L'anecdote est courte et en apparence assez anodine. C'est la dynamique de la bonne farce qui est ici utilisée à des fins cinématographiques, un peu comme si L'arroseur Arrosé des Frères Lumière était soudain transposé dans un Guignol, puisqu'il y a un peu de la dynamique entre la fripouille et le gendarme dans cette histoire de deux colleurs d'affiches facétieux qui bernent un pauvre type en uniforme...
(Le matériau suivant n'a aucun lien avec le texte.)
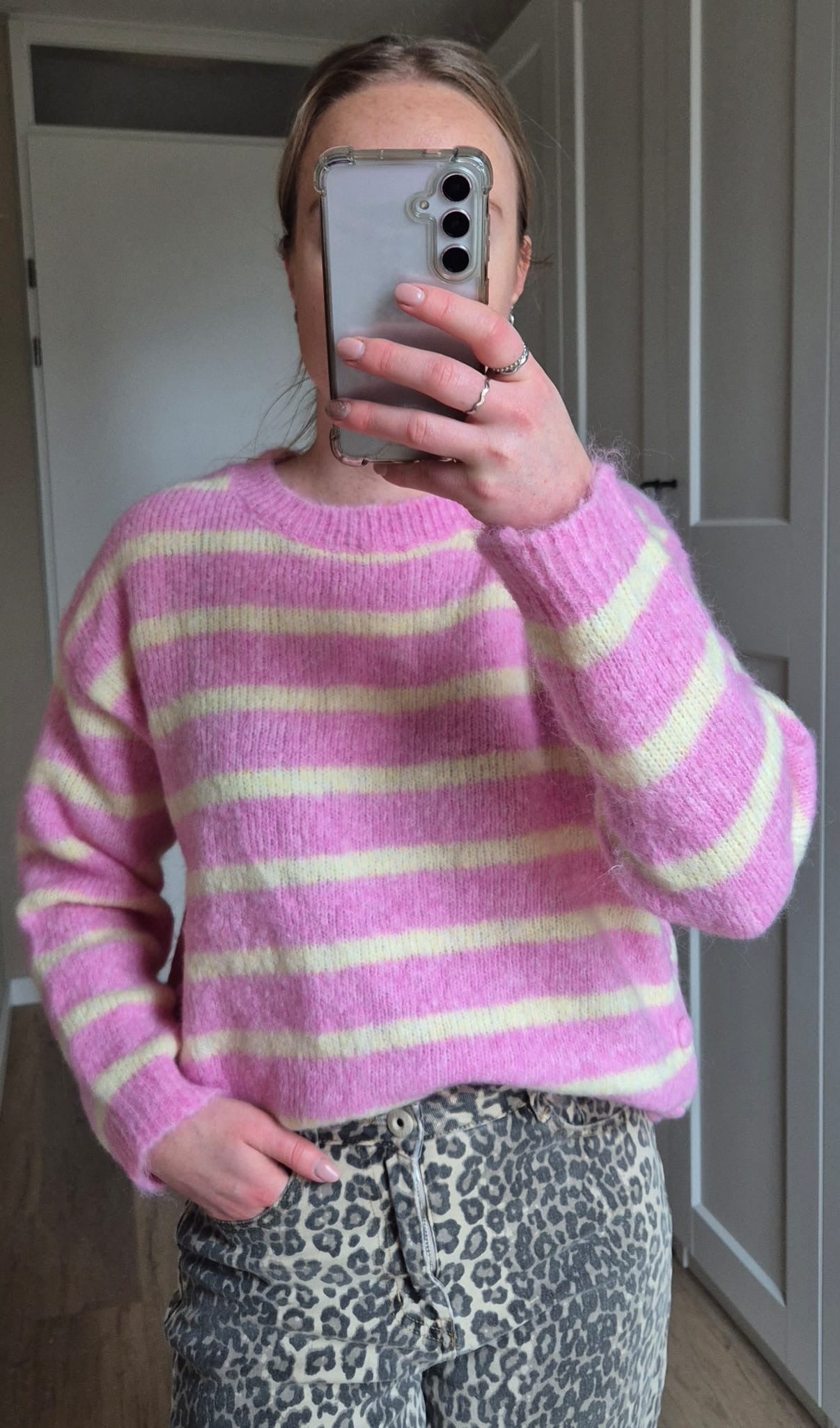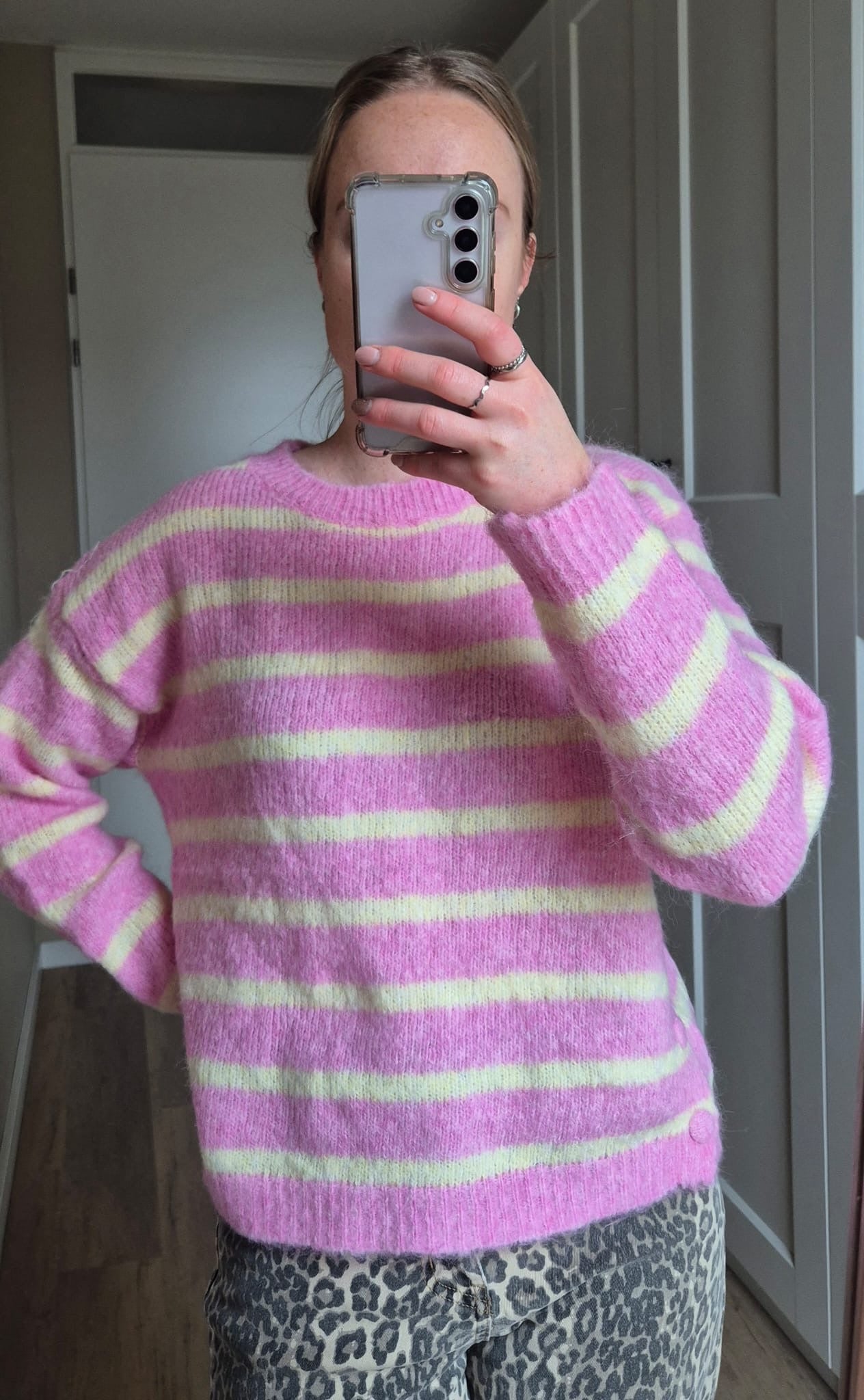 Deze roze gestreepte trui is een fleurige trui voor het voorjaar wat eraan komt. Het is een wolle trui die niet te warm is. Het is een one size en is te dragen tot XL. Dus dit is zeker een topper voor aankomende periode.
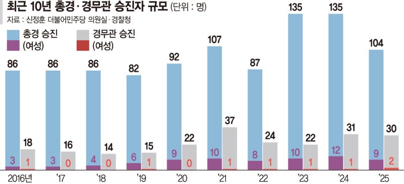 28일 국회 행정안전위원회 소속 신정훈 더불어민주당 의원실이 경찰청으로부터 제출받은 '최근 10년 총경 및 경무관 승진자 규모'에 따르면, 2016년부터 올해까지 총경 승진자 1000명 가운데 여성은 74명(7.4%)에 불과했다. 또 같은 기간 경무관 승진자 229명 중 여성은 8명(3.5%)에 그쳤다.

Mais on peut aller plus loin, et constater qu'en nous racontant cette histoire d'une façon simple et frontale (un plan, un décor, quatre personnages et une situation qui sont clairement identifiés) le réalisateur (un mot qui n'existait pas encore, je le rappelle) laisse le spectateur à ses propres interprétations, ses propres conclusions. En nous montrant un brave cerbère berné par deux hommes qui sont payés pour faire un travail, il se glisse un tantinet dans une posture qui permet de retrouver un aspect de la lutte des classes. En 1896, la Commune a 25 ans, et l'autorité est sans doute encore très clairement associée à la répression sanglante qui avait suivi. Méliès, dont les sympathies politiques allaient généralement vers la gauche, nous fait ici une charge politique subliminale.
Et en passant, il en profite pour glisser avec malice une publicité pour son établissement, ce qui nous rappelle qu'à l'époque de ces premiers films, Méliès est d'abord et avant tout le directeur du théâtre Robert Houdin, les activités cinématographiques en étant un vague prolongement. Ce qui ne durera pas.